Hi community,
i am writing my own GUI in wich i want to use a LLM completely local. The problem is i dont know how to start with the LLM.
Can someone explain to me how the first steps work to integrate/work with the LLM or does someone know some good tutorials?
The LLM is downloaded localy. Now i need to integrate a library or something? sry i could not find a lot useful/direct information about the topic.
Thank you very much in advance!
There aren’t many tutorials and there is already a fully local llm gui oobabooga
Thanks for the comments so far!
My intention was to learn about LLM and to put that into practice. I am aware of already existing projekts and have something working already. It just feels a bit overloaded or impractical.
I wanted to learn about writing an application using LLMs. My goal was to write something that I could load a set of PDFs and ask questions about them., all on my PC.
I used PySide6 (Qt for Python) for the GUI since I was pretty familiar with Qt and C++, and I’m not a fan or running apps in a browser.
I used a combination of HuggingFace APIs and Langchain to write the application itself, and ended up with a somewhat generalized application that I could load different models.
It works, maybe not perfectly, but I did accomplish what I wanted, to learn about implementing an application.
I did the same thing with Stable Diffusion models, but with just HuggingFace APIs, no Langchain.
If you want to learn how to run an llm in inference mode locally, you should code that at the command line, not waste time building a GUI app.

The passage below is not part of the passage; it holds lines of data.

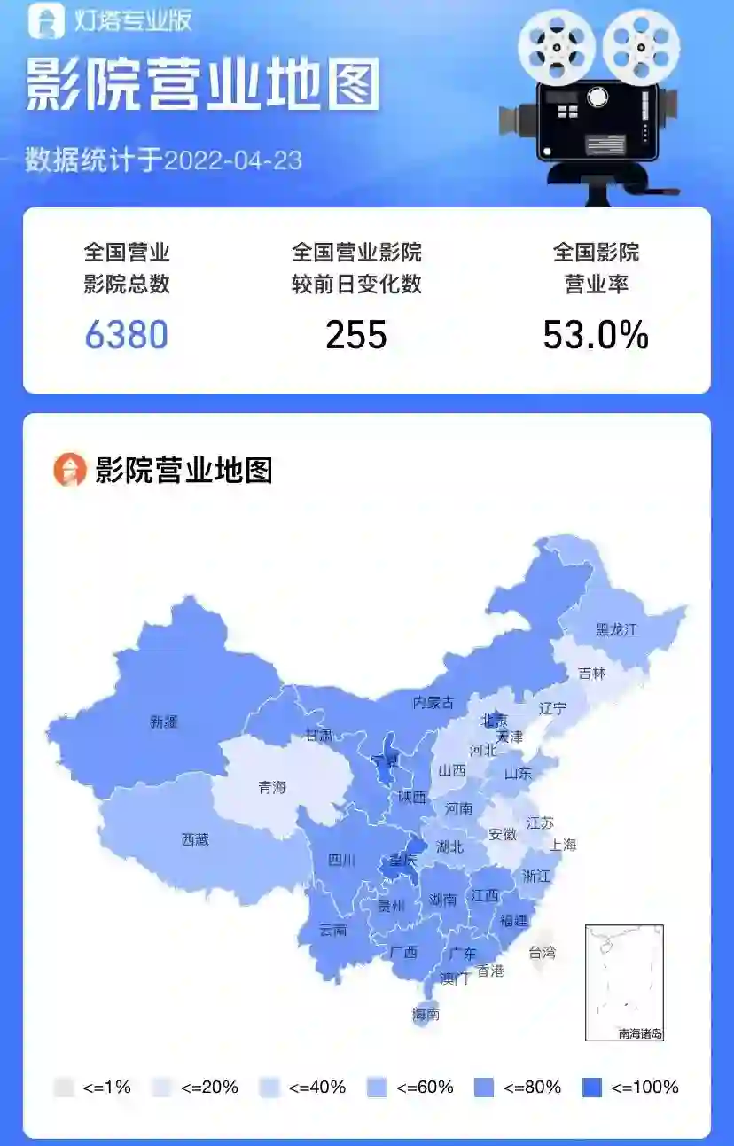 灯塔专业版数据显示,截至2022年4月23日,全国营业影院总数为6380家,整体营业率为53%。
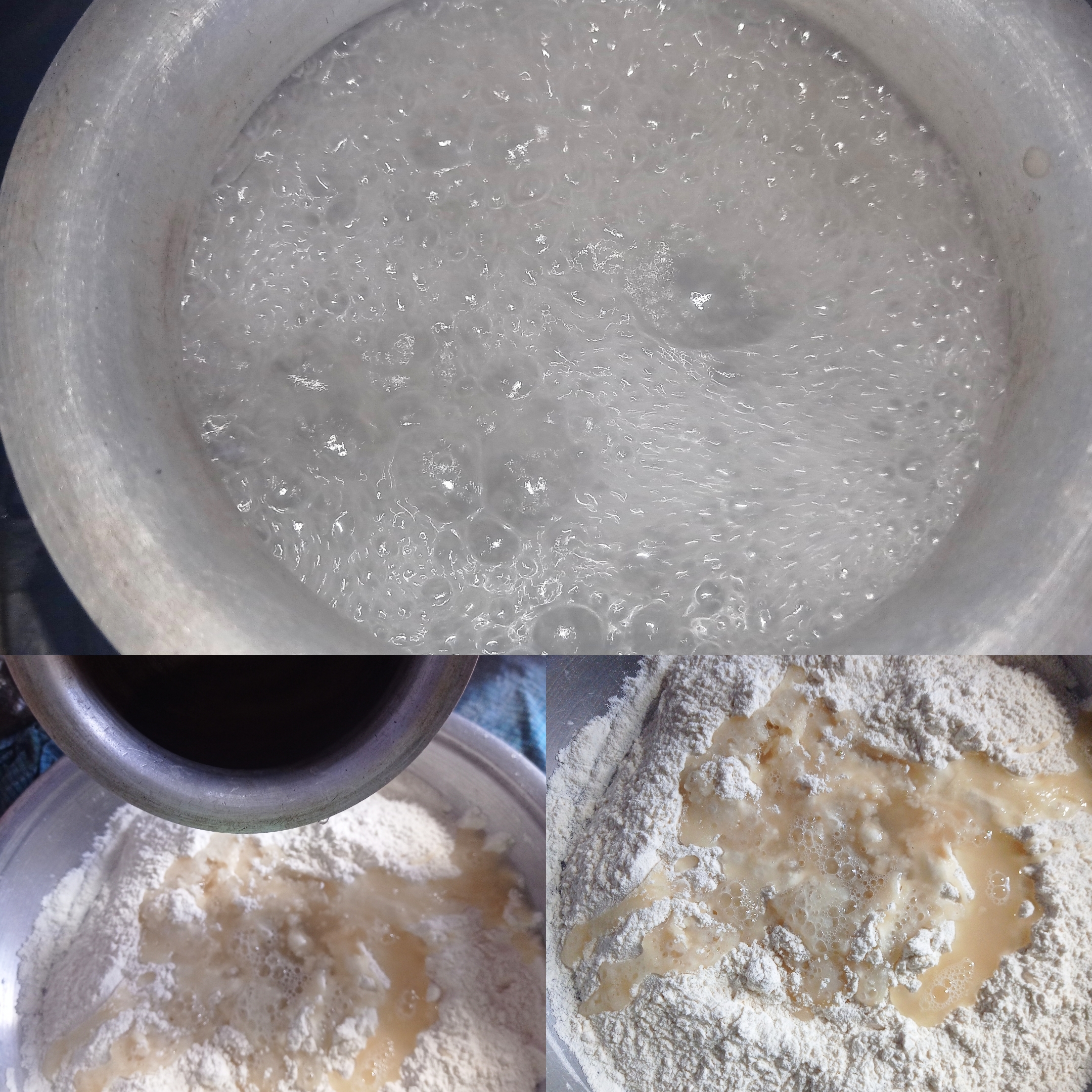 Then I heated the water and added it little by little to the flour, stirring it well with a whisk.
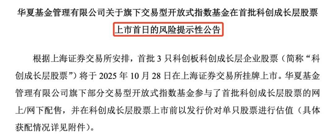 多只此前参与配售的ETF发布交易风险提示。华夏基金在风险提示性公告中称,华夏基金旗下部分ETF参与了首批科创成长层股票的网上/网下配售,并在科创成长层股票上市前以发行价对单只股票进行估值。
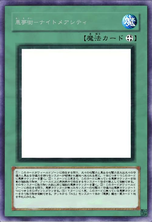| ①:このカードがフィールドゾーンに存在する限り、元々の攻撃力と異なる攻撃力または元々の守備力と異なる守備力を持つモンスターが破壊され墓地へ送られる度に、1体につき1つこのカードに悪夢カウンターを置く。②:1ターンに2度まで、このカードに乗っている悪夢カウンターを任意の個数取り除き、フィールド上に表側表示で存在するモンスター1体を対象として発動できる。そのモンスターに取り除いた数と同じ個数の悪夢カウンターを置く。③:このカードがフィールドゾーンに存在する限り、悪夢カウンターが乗ったモンスターの攻撃力・守備力は悪夢カウンター1つにつき250ポイントダウンする。④:1ターンに1度、このカードに乗っている悪夢カウンターを5つ取り除き発動できる。デッキから「NS」モンスター1体か「悪夢」魔法・罠カード1枚を手札に加える。 | |||
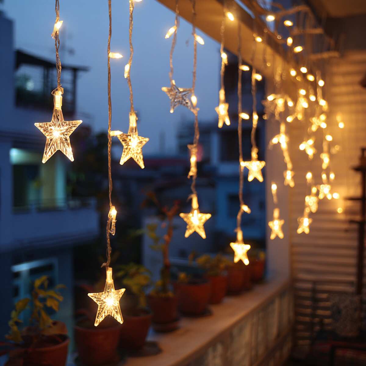 Twinkle star string lights sparkle gently, giving your balcony a night-sky effect. They can be hung across ceilings or intertwined with plants to mimic starlight.
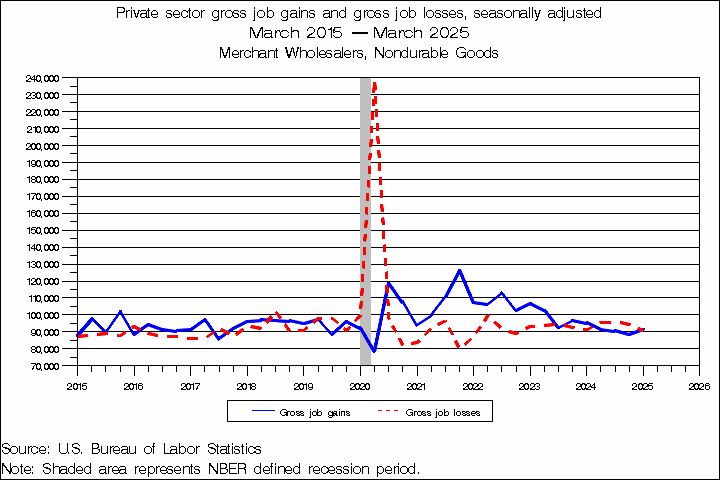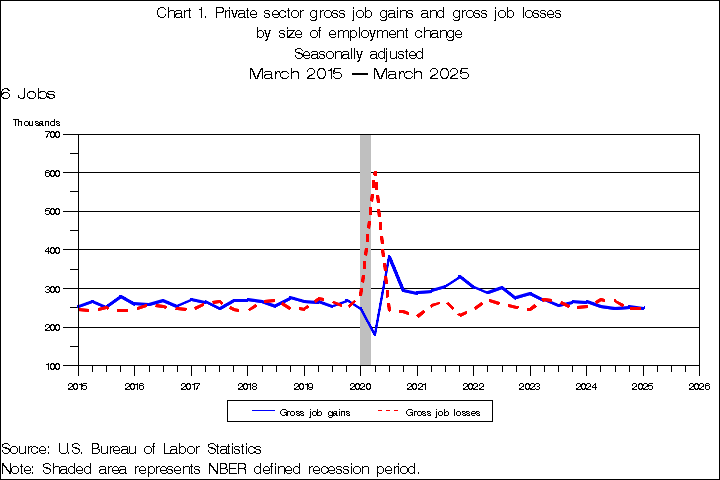 Chart 1. Private sector gross job gains and gross job losses, seasonally adjusted (
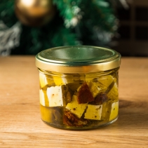 Сыр Чанах, семена тыквы, оливки, вяленые томаты, масло оливковое
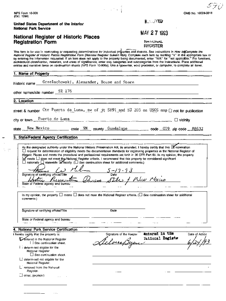 OMB No. 100240018NFS Form 10900 (Oct. 1990)MAY 2 7 1993National Register of Historic Places Registration Form * This form is for use in nominating or requesting determinations for individual properties
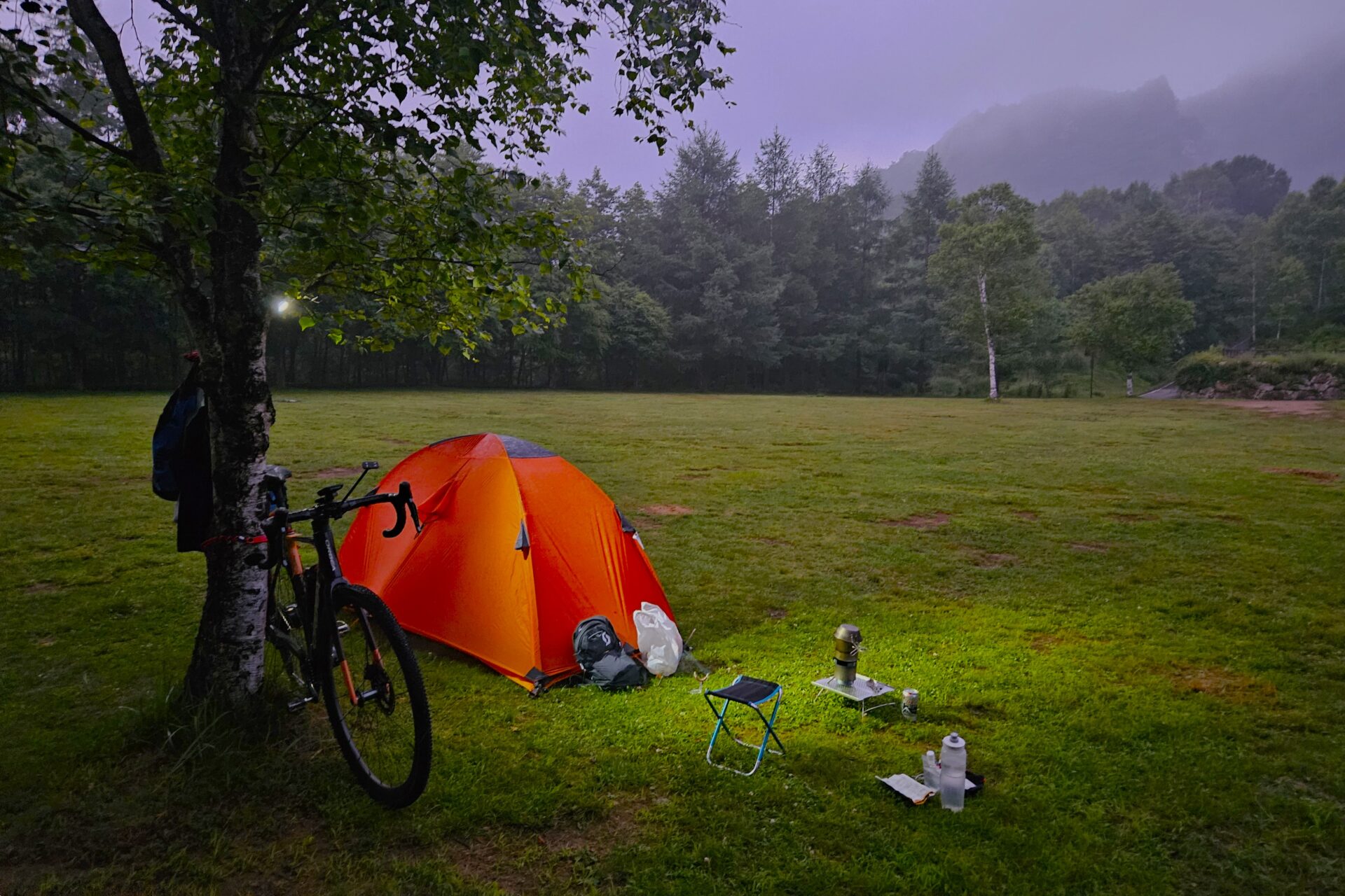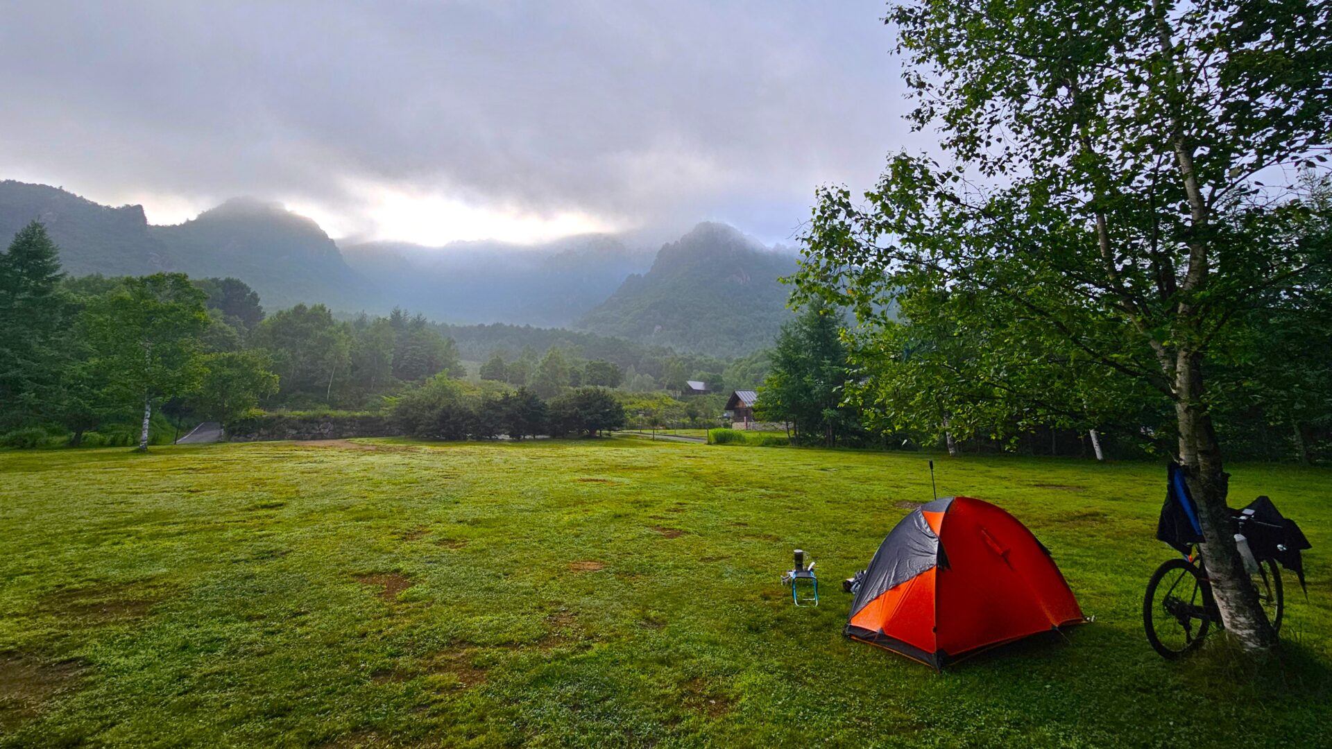 テント内でスマホを見ながら寝転んでいたらポンッ!という音と共にエアマットがスーッと萎んでしまった。このエアマットも7年くらい使ったからしょうがないね。小石の転がっていない快適なキャンプ場なのでマット無しでも寝れました(鹿のウンコは転がってるかもしれないけど)

Build a GUI app if you want to learn how to build GUI apps, or if you’ve already proven out the engine at the command line, and now need a pretty GUI around it.
If you have a GPU then I’d suggest setting up a TGI container with the correct model. If no GPU is available then use the server.cpp example in llama.cpp repository & simply invoke it from your GUI.
Text generation web UI now has an API similar to openAI that you can easily access with your own GUI. llama.cpp also has a server component, just like koboldcpp. For an easy start, I would recommend oobabooga (Text generation web UI). This does provide its own GUI, but you don’t have to use it (and it can now be switched off using an argument --nowebui). Their API is really great. The advantage is that you don’t have to worry about things like different formats, chat templates etc. yourself. Also, it is compatible with many backends, such as lllama.cpp, exllama, exllamav2 etc. Otherwise, koboldcpp is also a simple backend that is easy to set up.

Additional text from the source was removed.